Peter Gutowski befasst sich in seiner einfühlsamen Inszenierung mit der Absturz-Erfahrung des Piloten Antione de Saint-Exupéry.

Theater hintenlinks: Der kleine Prinz ganz anders
Foto: Andreas Bischof

Krefeld. Als die ersten Zuschauer das Theater hintenlinks betreten, hat das Schauspiel schon begonnen. Eine grau gekleidete Person liegt scheinbar schlafend auf einem grauen Lager und als Hintergrund zieht sich vom Bühnenboden eine große hellgraue Stoffbahn in die Höhe. Wer dort liegen soll, ist noch nicht zu erkennen: Die Titelfigur, der kleine Prinz, vermutlich nicht, welche Beziehung diese Person zum zweiten Teil des Schauspiels, zu „Durst“ haben könnte, ebenso wenig.

Langsame leise Klänge eines Akkordeons (gespielt von Ruslan Maximovski) sind zu hören. Diese Stille, die die Aufmerksamkeit des Publikums auf sich gezogen hat, wird jäh durch das penetrante Klingeln eines Weckers unterbrochen. Dann schallen Stimmen und Straßenlärm durch den Raum und die Person geht dabei im Zeitlupentempo auf der Stelle.

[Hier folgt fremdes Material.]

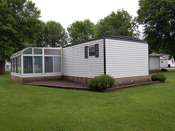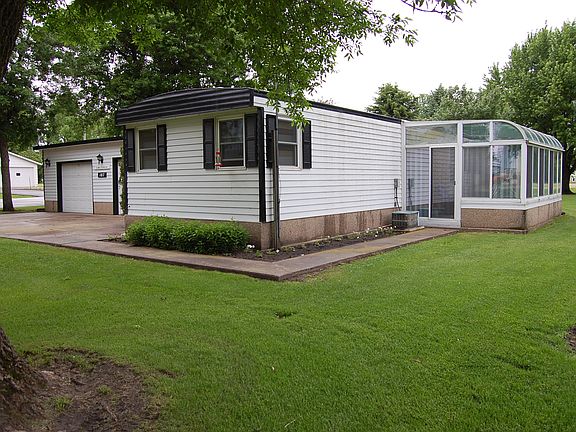 14' x 62' 1975 Trailer Home on beautiful double lot with 16' x 20' glass patio and attached 2-stall garage. Comes fully furnished with optional add-on package of 60" cut Grasshopper lawn mower, Cub Cadet utility vehicle, and Toro snowblower.
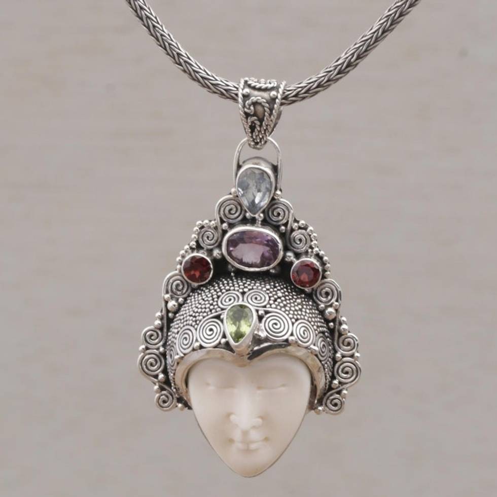 Artisan Crafted Multi-Gem Face Pendant Necklace from Bali 'Jeweled Knight' Item ID: 2671732776
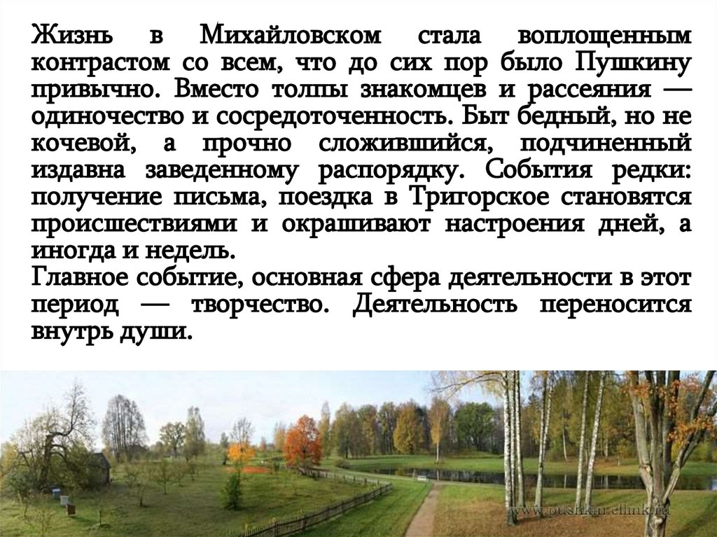 Жизнь в Михайловском стала воплощеннымконтрастом со всем, что до сих пор было Пушкину
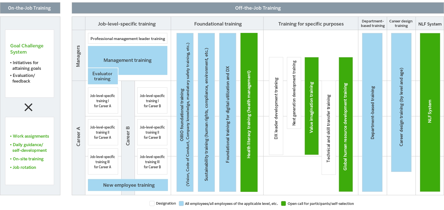 Our systematic human resource development, which includes not only on-the-job training but also job-level-specific training, foundational training, and training for specific purposes, helps boost capabilities and literacy as well as enhances knowledge among all of our employees.
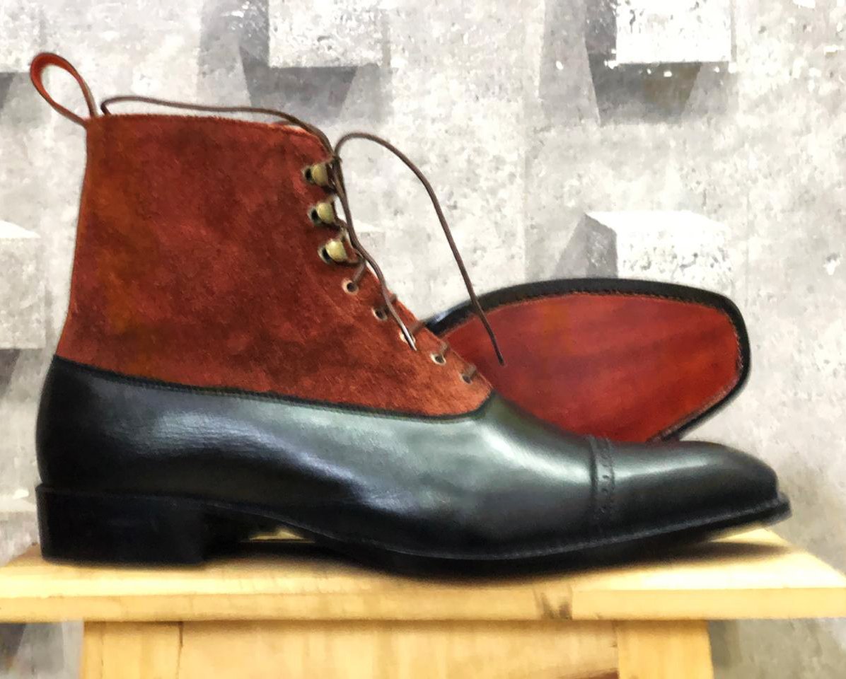 Men's Handmade Brown Black Cap Toe Leather Suede Lace Up Boot
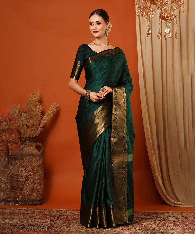 • Border : Designer Border • Color : Green • Fabric Of : Silk Cotton • Color : Green Blouse Details
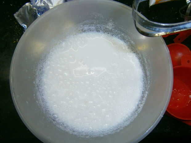 El azúcar en polvo. Montar ligeramente la nata con un batidor.
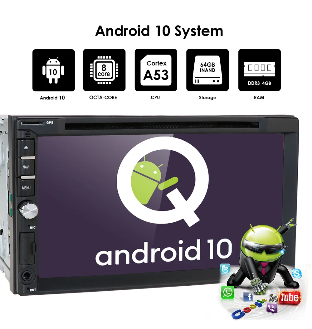Автомагнитола 2 DIN, 7 дюймов, Android 10, 4 + 64 ГБ, GPS, Wi-Fi, R...
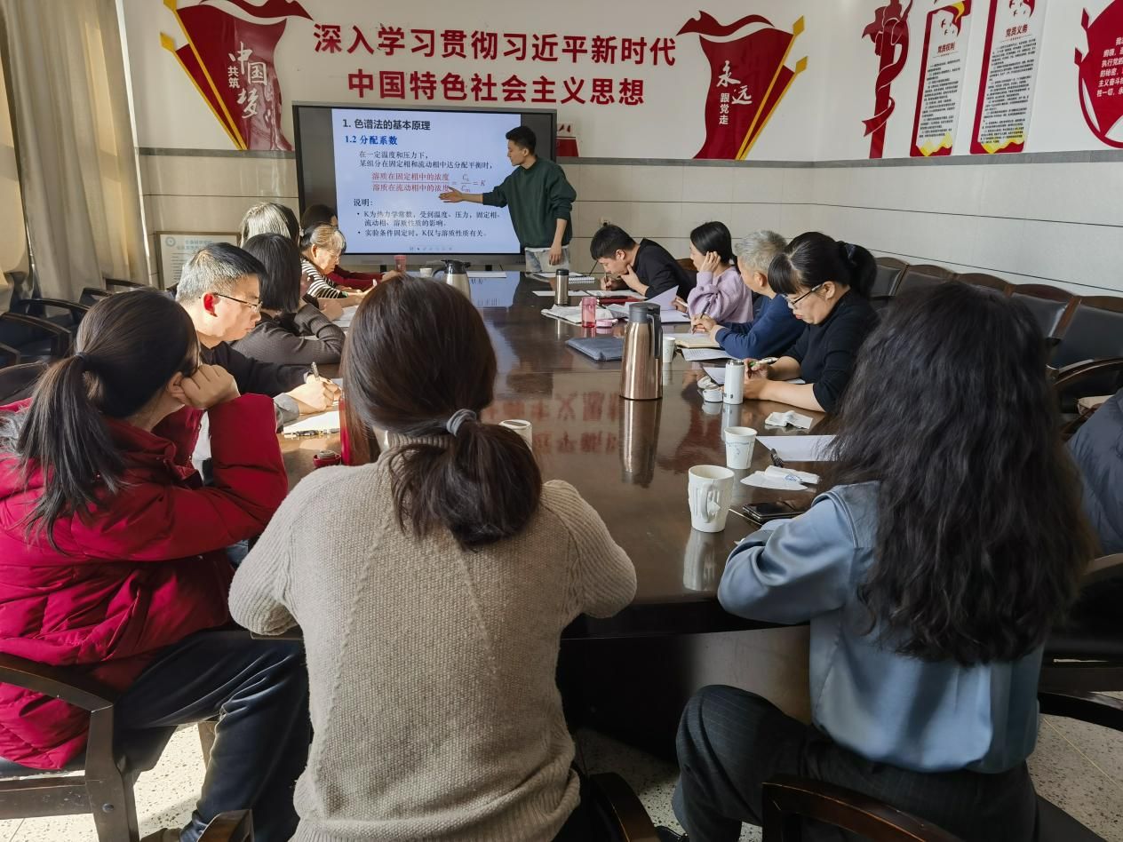 本次活动的第一个环节是新进教师段申老师试讲,试讲内容是制药工程专业的专业核心课程《生物制药分离工程》中色谱分析技术相关内容。试讲过程,段申老师对所讲内容熟练掌握,表达流畅,表现出良好的专业素养。受邀赵国芬教授和陈玉萍副教授进行了点评,两位老师肯定了试讲教师的表现,然后结合各自多年的《生化分离技术》和《仪器分析》授课经验,对课程内容及课程设置、教学设计、员工能力培养等方面提出了针对性的建议。
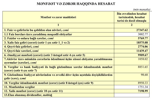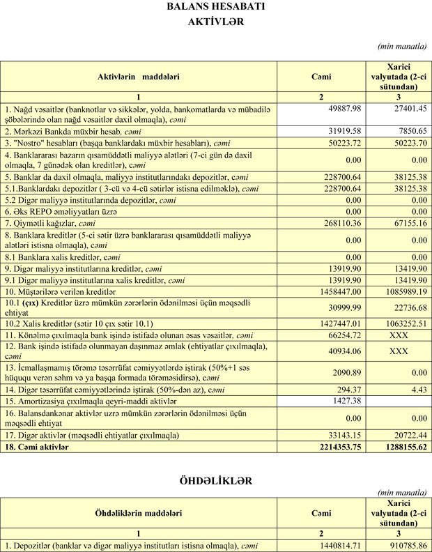 Azərbaycanın daha bir böyük bankı maliyyə vəziyyətini açıqladı
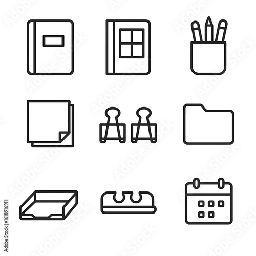 Office Tool Icons. Outline icon set of organization tools: notebook, planner, pen holder, sticky notes pad, file folder, binder

„Ich verstehe die Welt nicht mehr“, sagt sie, der Weg sei ihr ein Rätsel und sie gesteht: „Ich wollte ein Pilot sein.“ Dann schlüpft Anuschka Gutowski aus der Rolle eines nicht weiter bestimmten Mannes in die eines Piloten. Damit wird nun deutlich, dass das Spiel bei dem begeisterten Flieger Antoine de Saint-Exupéry (1990—1944) angekommen ist.

Die Schauspielerin zieht mit ihrer Schilderung eines Flugs, der in einer Notlandung in der Wüste endet, die Zuschauer in ihren Bann. Der Pilot und der Bordmonteur überstehen die Notlandung zwar unversehrt, müssen aber doch schnell feststellen, dass sie wegen Wassermangels in großer Gefahr sind.

Als Saint-Exupéry das Kapitel Durst in seinem 1939 veröffentlichten Roman Terre des Hommes (in der deutschen Übersetzung: Wind, Sand und Sterne“) schrieb, hatte er diese Erfahrungen 1935 in der Wüste 200 Kilometer westlich von Kairo selber gemacht. Die Textfassung des Schauspiels, die Regisseur Peter Gutowski verfasst hat, basiert somit auf authentischen Schilderungen. Seine Frau setzt diese in leisen Tönen einfühlsam wie überzeugend um.

Die Gedanken, die einen Menschen in dieser Situation durch den Kopf gehen, die Versuche, seine heikle Lage in der Wüste zu überstehen, zum Beispiel mit der Suche nach Wasser, der Beobachtung der Natur — fantastisch, wie Anuschka Gutowski den Spuren eines Wüstenfuchses folgt und daraus ihre Schlüsse zieht.

Ihr Spiel, ihre Selbst- und Zwiegespräche können im Betrachter anschauliches „Kopf-Kino“ auslösen. Auch in ihrer dritten Rolle als der berühmte kleine Prinz verstärkt sie dieses Erlebnis noch. Man wird motiviert, die beiden Werke, die dieser Aufführung zugrunde liegen, noch einmal in die Hand zu nehmen und sich in aller Ruhe mit den Ansichten und der Lebensphilosophie von Saint-Exupéry zu beschäftigen. Das Theater hintenlinks bietet diese Aufführung auch für Schulklassen ab Sekundarstufe eins an.